2010-12-12 Thread Török Edwin
On Sun, 12 Dec 2010 20:09:00 +0100
Benedikt Meurer benedikt.meu...@googlemail.com wrote:

 
 On Dec 12, 2010, at 16:55 , Török Edwin wrote:
 
  [...]
  Problem #2: Int64.div n 2 - idiv instruction. 
  
  A C compiler would optimize this to a right shift. Changing that to
  'Int64.shift_right n 1' speeds up the code.
 
 This is easy to fix in ocamlopt (see attached patch
 ocamlopt-natint.patch), by applying the same optimizations already
 used for constant int's to constant natint's (Int64 is Nativeint on
 64bit).

Nice patch. I definitely agree that what can be fixed in ocamlopt's
high-level opts should be fixed there, rather than hope that LLVM will
just do everything.

 [...]
  
  One advantage of using LLVM is that it would notice arithmetic
  optimizations like this and perform it itself (even if you use the
  boxed representation).
 
 In case of x86-32, it won't, simply because LLVM will be presented
 with the calls to caml_int32_* functions. 
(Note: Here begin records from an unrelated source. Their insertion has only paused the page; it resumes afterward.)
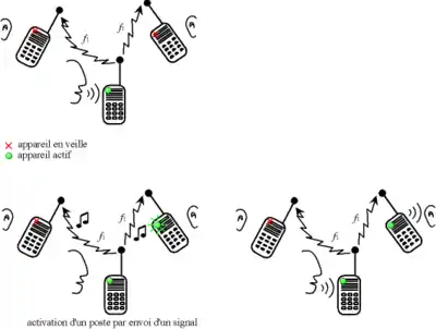 Dans certaines normes, comme la PMR446 (émetteurs de faible portée et utilisables sans licence), les appareils sont en permanence en mode écoute sélective. Un bouton permet de désigner l'indicatif en fonction, appelé CTCSS (pour continuous tone squelch system). Lorsque l'on appuie sur le bouton d'émission, l'émetteur envoie automatiquement l'indicatif (inaudible) du CTSS choisi, et seuls les appareils réglés sur le même CTSS s'activent. Ceci permet de scinder la fréquence en sous-réseaux, chaque poste ne recevant que les messages du sous-réseau auquel il appartient. Il y a cependant des risques de « collision » : si deux postes sur deux CTCSS différents émettent simultanément (ils ne peuvent pas savoir que l'autre émet), leurs messages interfèrent.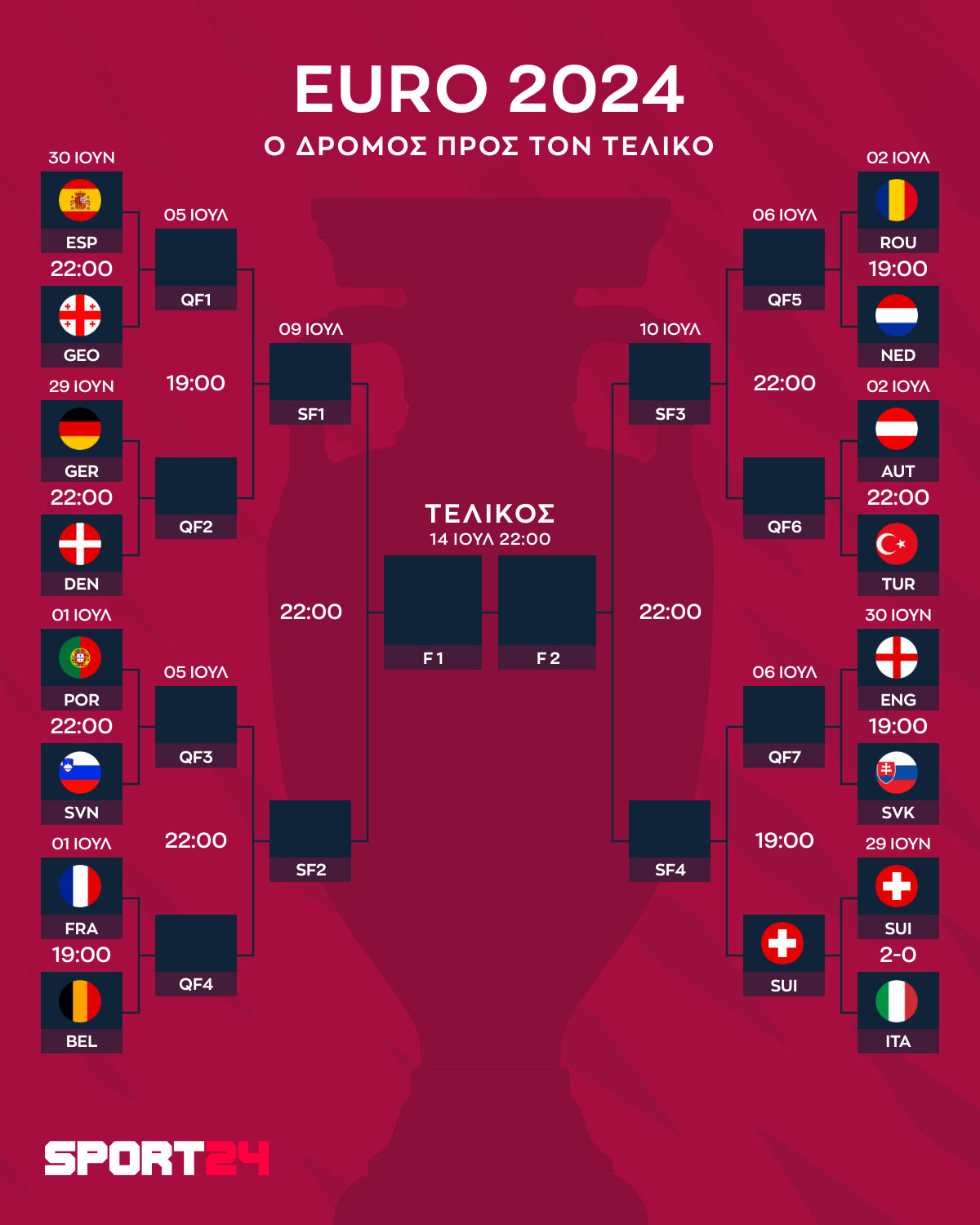 Το πρόγραμμα και οι διασταυρώσεις μέχρι τον τελικό του Euro 2024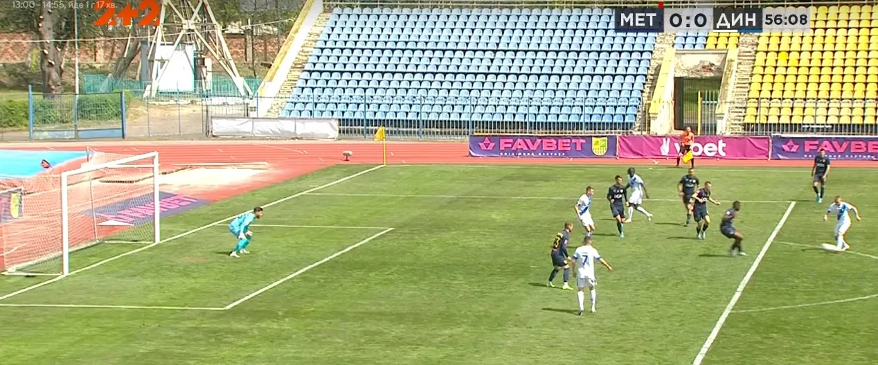 Волошин перекрутив у правий кут. Перед тим Назар непогано розвинув атаку з переведенням на Беніто, але Тимчик уже не вперше сьогодні запоров перспективну комбінацію. І знову Волошин з лівого краю накидав, захисники скинули прямо на Буяльського. Поспішив Віталій пробити в дотик, обравши найважчий спосіб виконання з технічної точки зору. Міг приймати, міг котити на Беніто, який уже не вперше зовсім сам у штрафному, однак не отримує пас. Жорстко дістається захисникам Динамо. Прядун в'їхав у спину Сироті, Дячук тримається за ребро після стику в центрі поля.
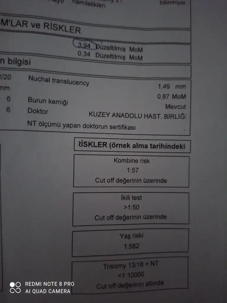 Merhaba, 13+6 da ikili test yaptırdım, ultrason gayet normaldi ancak kan sonucu kombine risk 1:57, ikili test: <1:50, yaş riski 1:582 Trisomy 13/18 +NT <1:10000 oranında Down sendromlu çıktı (yani 57 kadından biri), tabi testlere güven olmuyor o yüzden doktorumun tavsiyesi üzerine amniyosentez için randevu aldım, bebeğimi aldırmak için değil bu testi yaptırmam, sadece kendimi ve yaşantımızı buna göre ayarlamak için testi yaptırma kararı aldırdım, 33 aylık bir oğlum var, onda da kolestaz gebelik şekeri gibi gebelik rahatsızlıkları geçirdim ancak onda ikili testim temiz çıkmıştı, daha amniyosentez yaptırmama 3 hafta kadar var, benim sorum şu olacak daha önce benim test sonucu aralığım gibi sonucu çıkan var mı, varsa amniyosentez yaptırdınız mı, yaptırdınız ise sonucu ne çıktı? Sabahtan beri araştırıyorum bir sürü konu okudum, yine de bir konu açıp size danışmak istedim. Umarım bu kadar uzun olması okunmasını engellemez. Lütfen biri yardım edebilir mi?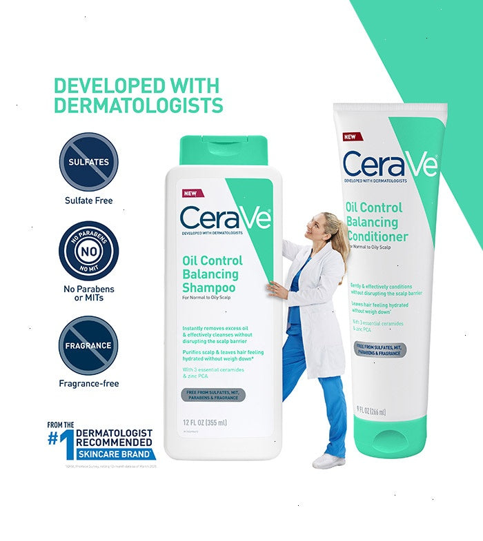 Developed with dermatologists, CeraVe Oil Control Balancing Shampoo removes excess oil from the scalp and leaves hair feeling hydrated without disrupting the scalp barrier.* The allergy-tested formula is free of phtalates, sulfates, dyes, parabens, fragrance, and MIT for both men and women and ages 13+.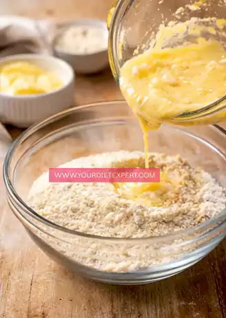 - Gradually pour the wet mixture into the dry ingredients while gently folding with a spatula until a thick dough forms.

I was thinking that the runtime could be compiled to .bc, and then they
would get inlined and optimized away at link time. That is overkill for
something as simple as integer arithmetic, but could be useful for more
complicated runtime functions (or C bindings).

 You'd need to change the
 Cmm code instead (changing the low-level stuff is straight-forward as
 demonstrated).

I agree that not emitting those C calls in the first place is better.

  For 64bit targets, see attached patch.
 
 This doesn't mean that LLVM wouldn't be useful (in fact, I've just
 started an LLVM backend for ocamlopt).

Great! If you notice some more optimizations missed by ocamlopt while
working on it, could you write up a list of those?

I think I suggested earlier in this thread that LLVM could be used in
two ways: write a backend with it, or port some of the LLVM
optimizations to ocamlopt.
Maybe it'd be good to write some documentation on ocamlopt's internals,
and how one can add more optimizations there. Something simple like
what is the IR format (like LLVM's langref), how you perform the
optimizations (what is the equivalent of LLVM's passes), and what
helper modules can you use (what is the equivalent of LLVM's analysis)
would suffice for a start. Does something like this exist already?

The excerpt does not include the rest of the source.